Arguably, the Cordilleran terrane concept, of which Jim Monger was Canada's earliest and foremost proponent, was initially demonstrated in south-central Alaska. Data collected there in the 70's and 80's defined stratigraphically distinct, fault-bound crustal blocks; paleontological and paleomagnetic data showed some of these ‘terranes' to be far-traveled with respect to their neighbours and to the North American craton. These terranes were proof that the potential inherent in plate tectonic processes for the long-distance dispersal and assembly of rock masses from diverse paleogeographic origins had been realized in the formation of the Cordilleran orogen.

Although the terrane concept has since been applied and refined throughout the Cordillera, the terranes of the Alaska Range have not been re-evaluated in light of new developments. New data from the Windy-McKinley terrane of eastern Alaska and western Yukon have implications for the nature of the Alaska Range terranes and their evolution. Field, geochronological and geochemical data show that it comprises a Late Devonian to Late Triassic metavolcanic and metaclastic schist and gabbro subdivision and an undated ophiolite. Neither subdivision resembles the namesake Windy or McKinley terranes. Instead, the schist-gabbro subdivision resembles Alaska's Pingston and Aurora Peak terranes, Hayes Glacier and Jarvis Creek belts, and the Yanert Fork sequence. This near-continous schist-gabbro belt lies fault-bound between Laurentian or peri-Laurentian rocks in the north and mélange terranes (Windy, Kluane schist?) in the south. Its youngest unit in Alaska (unit Trcs) is deposited on the Laurentian margin north of the Hines Creek fault and on the Upper Devonian Yanert Fork sequence south of the fault. The correlative unit in Yukon contains detrital zircons characteristic of the Insular terranes, implying that it also overlapped onto them.

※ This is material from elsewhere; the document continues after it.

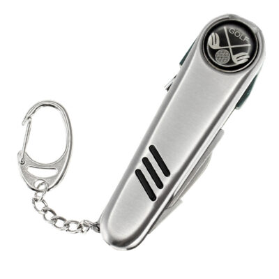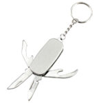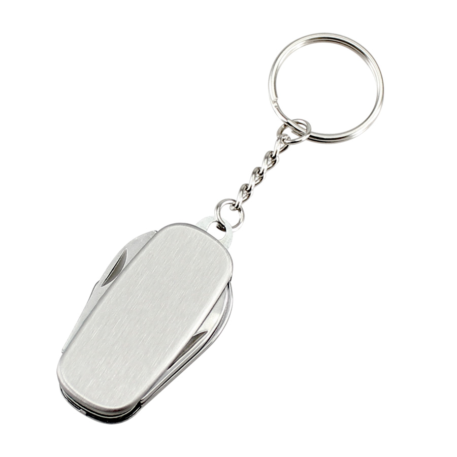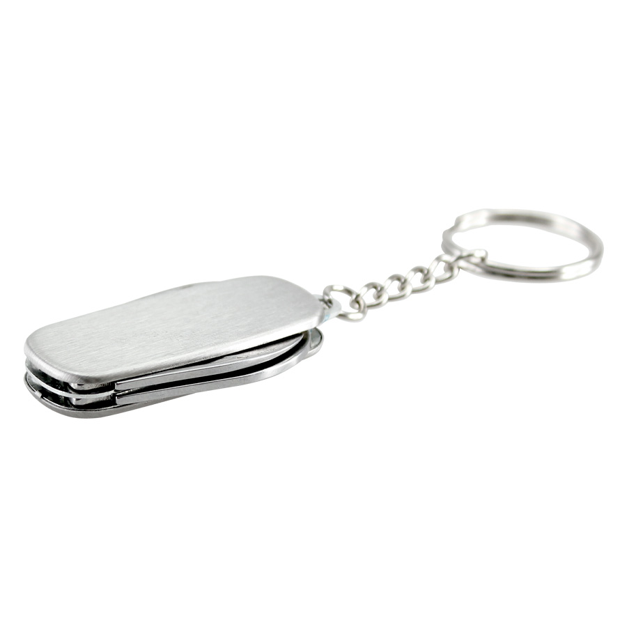 Llavero multiherramientas de Acero Inoxidable con 5 funciones. Presentación en cajita de regalo plateada.

The ophiolite was thrust above both the Windy-McKinley schist-gabbro subdivision and Yukon-Tanana terrane. It may correlate with the Chulitna terrane of Alaska; both have suprasubduction zone geochemistry. Triassic gabbro of the schist-gabbro subdivision also has a suprasubduction zone signature. These data and proximity to the Windy mélange affirm that these rocks were at the Late Triassic continental plate boundary.